Hi @jvhagey I was able to try the new version. It did identify the correct MLST scheme for E. coli! Though, we also tried with a new sample that was identified as Enterobacter hormaechei which was assigned the MLST scheme cronobacter
(novel ST) using either PHoeNIx v2.0.2 and v2.1.0. We ran MLST (with filtered scaffolds) using the software mlst v2.22.0 (T. Seeman) and it was assigned the scheme ecloacae
(novel ST). I see that there are exact matches with cronobacter...

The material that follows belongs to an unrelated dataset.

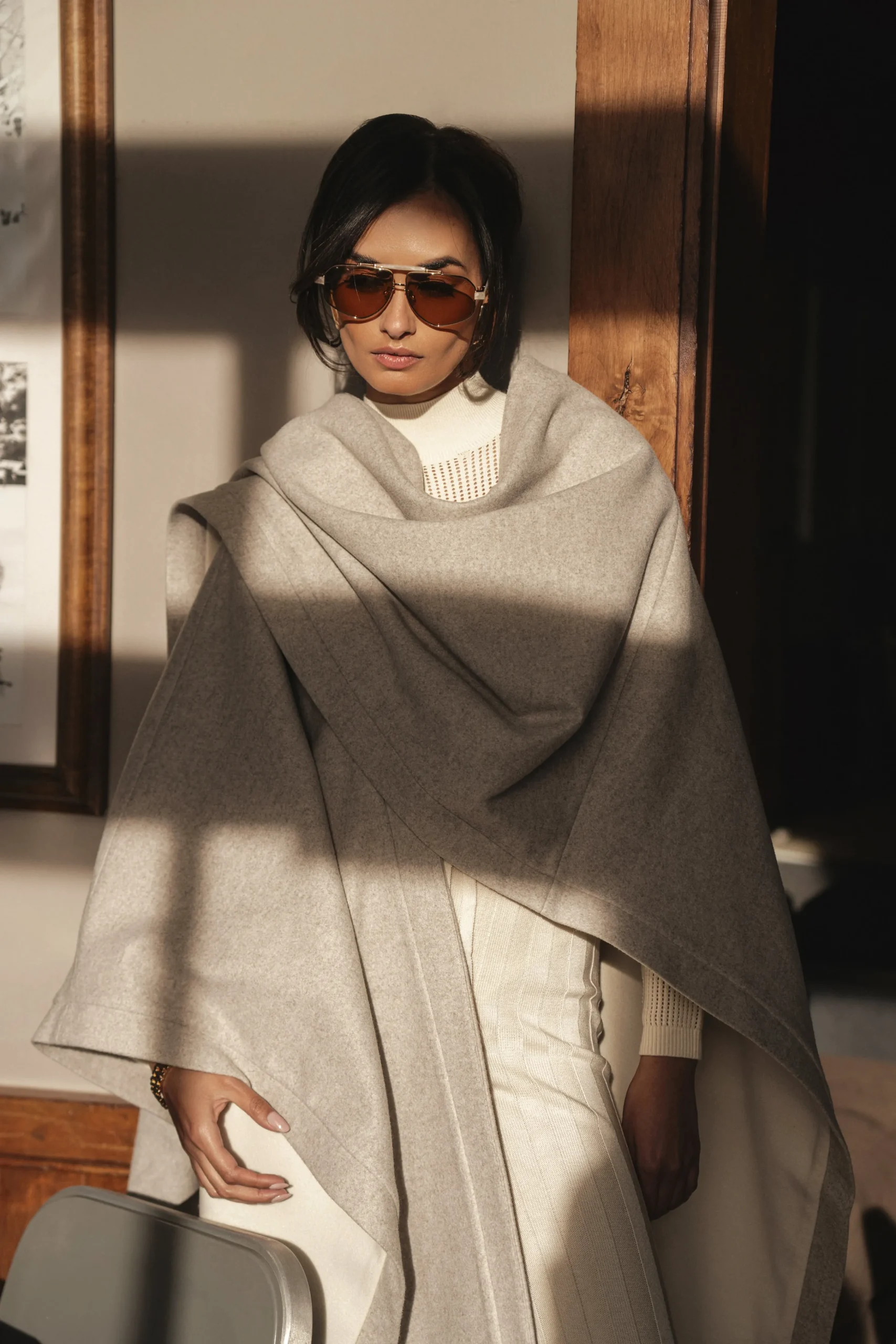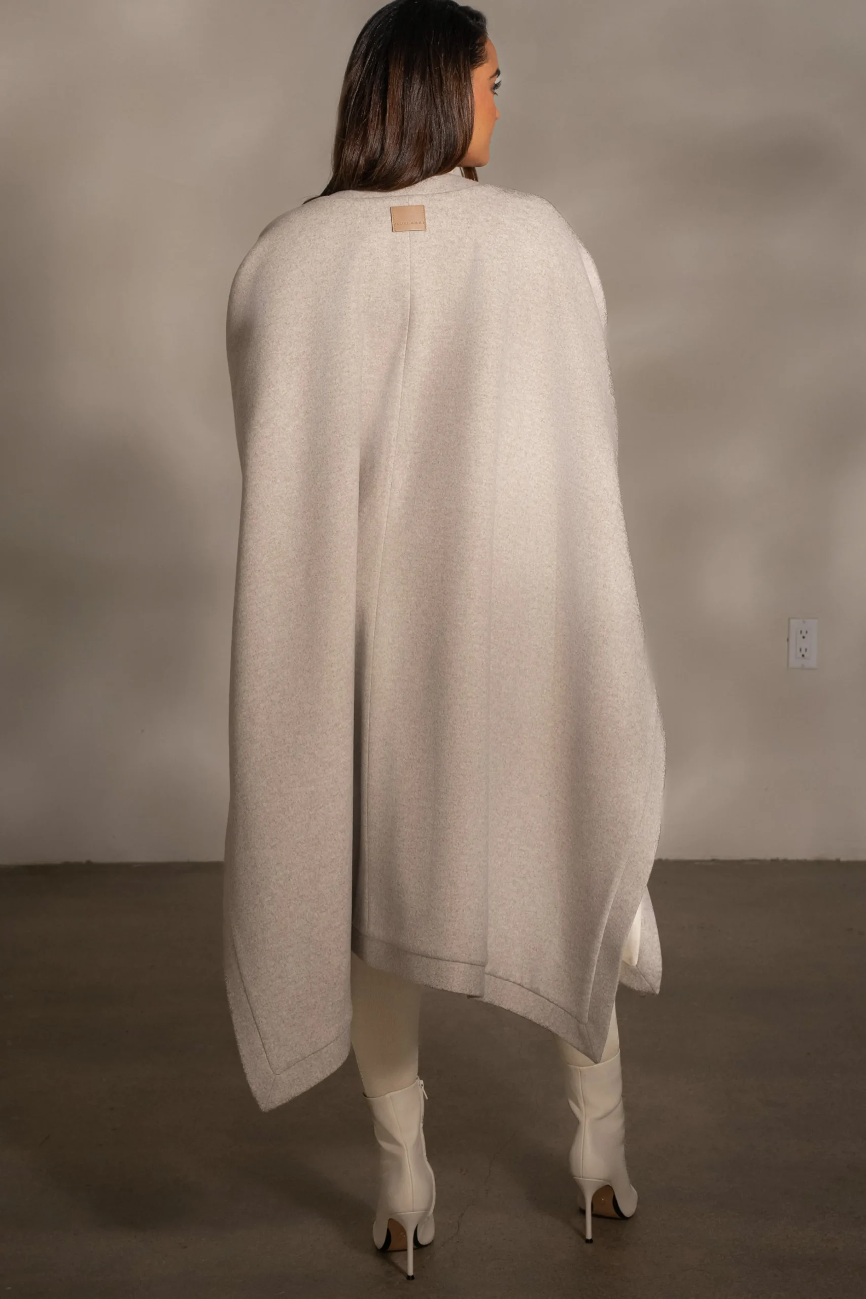 Experience indulgent luxury with our Ivory Park City Reversible Shawl. This reversible shawl is the epitome of comfort and style, offering versatile wearing options with its elegant design. Crafted in a soft touch material ensuring you’re wrapped in warmth all season long. One side offers a heathered oat tone with no contrast trim, The reverse side is featured in Ivory with a a heathered oat tone trim. Oversize.

I'm adding here the MLST stout for this sample if that helps
[11:37:13] This is mlst 2.22.0 running on linux with Perl 5.032001 [11:37:13] Checking mlst dependencies: [11:37:13] Found 'blastn' => /opt/conda/envs/mlst/bin/blastn [11:37:13] Found 'any2fasta' => /opt/conda/envs/mlst/bin/any2fasta [11:37:14] Found blastn: 2.12.0+ (002012) [11:37:14] Excluding 3 schemes: abaumannii ecoli vcholerae_2 [11:37:16] Found exact allele match cronobacter.pps-399 [11:37:16] Found exact allele match ecloacae.pyrG-39 [11:37:16] Found exact allele match aeromonas.gyrB-795 [11:37:16] Found exact allele match ecloacae.dnaA-62 [11:37:16] Found exact allele match ecloacae.gyrB-4 [11:37:16] Found exact allele match cronobacter.gyrB-100 [11:37:16] Found exact allele match cronobacter.atpD-211 [11:37:16] Found exact allele match cronobacter.gltB-187 [11:37:16] Found exact allele match cronobacter.infB-99 [11:37:16] Found exact allele match ecloacae.fusA-4 [11:37:16] Found exact allele match cronobacter.fusA-75 [11:37:16] Found exact allele match ecloacae.rpoB-44 [11:37:16] Found exact allele match ecloacae.rplB-4 XXXXXX.filtered.scaffolds.fa.gz ecloacae -dnaA(62) fusA(4) gyrB(4) leuS(~6) pyrG(39) rplB(4) rpoB(44) [11:37:16] Please also cite 'Jolley & Maiden 2010, BMC Bioinf, 11:595' if you use mlst. [11:37:16] Done.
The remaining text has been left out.